GPU computing through SPIR-V
SPIR-V is an intermediate language for GPU shaders and kernels. It is meant to be used with Vulkan and OpenCL.
I'm preparing to using SPIR-V as a compile target. Therefore I have to understand the details of this format fairly well before I proceed.
I used the "Simple Vulkan Compute Example" as a starting point. Though due to the missing information in the mentioned post, it might have been easier to just read the vulkan spec instead.
OUTLINE of this post
This post discusses...
- Study of a SPIR-V program produced by a simple GLSL compute program.

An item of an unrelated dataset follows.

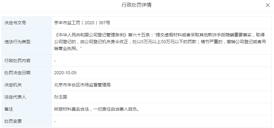 此外,天眼查平臺(tái)顯示,該公司曾有一條行政處罰。2020年10月發(fā)布的京豐市監(jiān)工罰(2020)387號(hào)顯示,該公司的違法行為類型為《中華人民共和國公司登記管理?xiàng)l例》第六十五條:“提交虛假材料或者采取其他欺詐手段隱瞞重要事實(shí),取得公司登記的,由公司登記機(jī)關(guān)責(zé)令改正,處以5萬元以上50萬元以下的罰款;情節(jié)嚴(yán)重的,撤銷公司登記或者吊銷營業(yè)執(zhí)照?!?/p>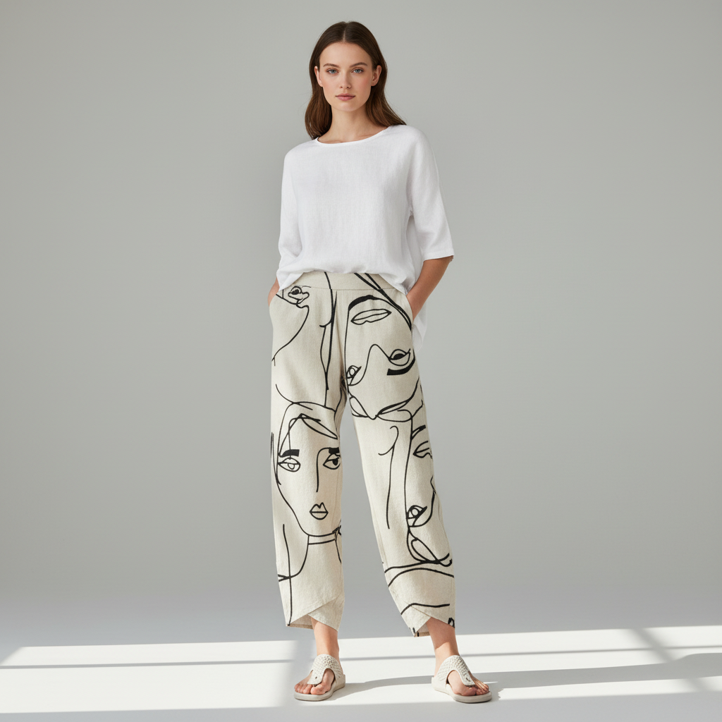 Hledáte jedinečné lněné kalhoty, které kombinují vysokou kvalitu s kreativním potiskem? Béžové lněné kalhoty Gabriela jsou tou správnou volbou! Díky svému originálnímu designu a velké variabilitě spojují eleganci a pohodlí zcela novým způsobem.

- How to disassemble SPIR-V.
- Details about the structure of a SPIR-V file.
- How to run the mentioned compute program with Vulkan.
- An idea to building up SPIR-V binaries from your own IR.

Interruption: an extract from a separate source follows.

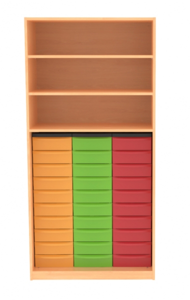 Materialschrank, BxHxT 92 x 190 x 50 cm offen, 2 verstellbare Einlegeböden 1 fester Fachboden 3 x 10 flache Modulboxen

Disclaimer: These are my notes and should not be relied upon.
The SPIR-V program
GPU computing has become much simpler over time, yet it is still quite complicated. For this reason our first program is going to be really simple. Here's the GLSL source code for it:
/* Mandatory for Vulkan GLSL */
#version 450
#extension GL_ARB_separate_shader_objects : enable
#extension GL_ARB_shading_language_420pack : enable
/* Describes a buffer, as an array of unsigned integers */
layout(binding = 0) buffer InOut {
uint result[];
};
/* Lets store the invocation ID into each index */
void main() {
result[gl_GlobalInvocationID.x] = gl_GlobalInvocationID.x;
}
If you dispatch this with thousands of workers and they have
increasing invocation ID, you get the array filled with
[0, 1, 2, ...]
. Not very interesting or useful. Just
something that we can observe. If you discard every fourth
byte and interpret it as a RGB image, the content of result
buffer end up looking like this:
The above code is in GLSL. This glsl_blur.comp
can be
compiled into SPIR-V code with the following linux shell command:
glslangValidator -V glsl_blur.comp -o glsl_blur.comp.spv
The glslangValidator
has to be installed before you can
use it. Therefore the development with the GLSL isn't as
simple as it used to be. But it's just a good thing. GLSL
is a dumb language to start with.
Some tools for manipulating SPIRV files are available from the
SPIRV-Tools.
Among these you find spirv-dis
Here's the output of spirv-dis glsl_blur.comp.spv
:
; SPIR-V
; Version: 1.0
; Generator: Khronos Glslang Reference Front End; 1
; Bound: 24
; Schema: 0
OpCapability Shader
%1 = OpExtInstImport "GLSL.std.450"
OpMemoryModel Logical GLSL450
OpEntryPoint GLCompute %main "main" %gl_GlobalInvocationID
OpExecutionMode %main LocalSize 1 1 1
OpSource GLSL 450
OpSourceExtension "GL_ARB_separate_shader_objects"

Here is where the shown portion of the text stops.